Trois blocs : les frais de guérison (médecin, hôpital, médicaments, physiothérapie, moyens auxiliaires) pris en charge intégralement sans franchise ; l'indemnité journalière de 80% du salaire assuré dès le 3ème jour, jusqu'à la reprise du travail ; et les rentes — d'invalidité dès un taux de 10%, et de survivants pour les proches en cas de décès. Le salaire assuré est plafonné à 148'200 CHF/an.
À quoi sert une assurance accident complémentaire (AAC) ?

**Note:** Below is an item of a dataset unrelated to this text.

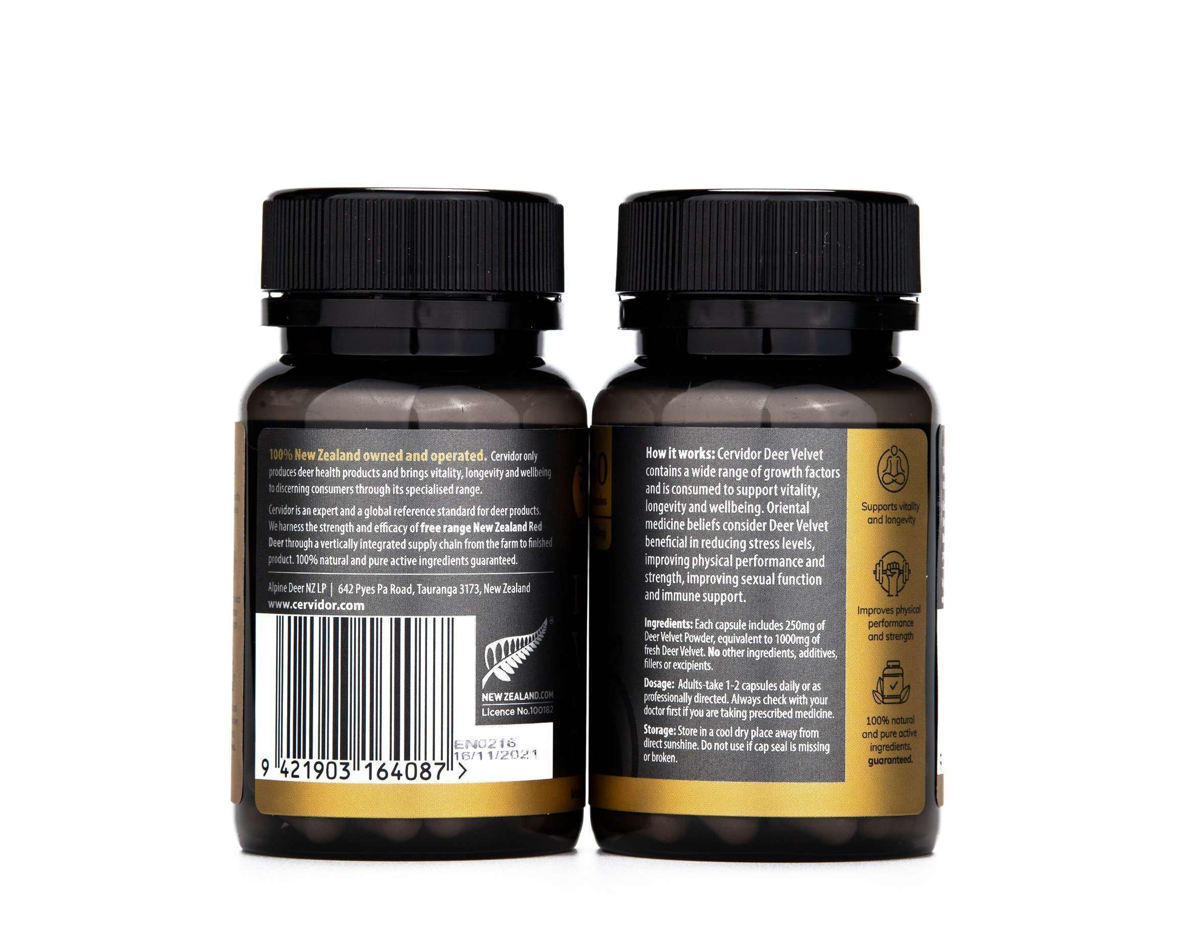Each capsule includes 250mg of Deer Velvet Powder, equivalent to 1000mg of fresh Deer Velvet. No other ingredients, additives, fillers or excipients.

Elle comble les limites de la LAA de base : la chambre privée ou semi-privée à l'hôpital (la LAA ne paie que la division commune), le salaire au-delà de 148'200 CHF, les 20% de salaire non couverts, les deux premiers jours d'incapacité, et un capital en cas d'invalidité grave (aménagement du logement, du véhicule). Elle est particulièrement pertinente pour les hauts salaires et les indépendants.
Qui n'est PAS couvert automatiquement contre les accidents ?
Les indépendants (la LAA est facultative pour eux), les personnes au foyer, les étudiants, les retraités, et les salariés de moins de 8h/semaine pour leurs accidents privés. Pour toutes ces personnes, la couverture accident passe par la LAMal — qui rembourse les soins avec franchise, mais ne remplace aucun revenu. 💡 Si vous êtes indépendant, voyez notre guide dédié : LAA facultative pour indépendant — la rente d'invalidité s'y déclenche dès 10%, contre 40% pour l'AI.
Une maladie professionnelle est-elle couverte par la LAA ?
Oui. La LAA couvre les maladies professionnelles au même titre que les accidents : ce sont les affections causées de manière prépondérante par des substances nocives ou certains travaux dans l'exercice de l'activité professionnelle (troubles musculo-squelettiques liés à des gestes répétitifs, affections respiratoires dues à l'exposition à des poussières, surdité professionnelle…). La reconnaissance suppose d'établir le lien de causalité avec l'activité — un point souvent litigieux, qui mérite un accompagnement.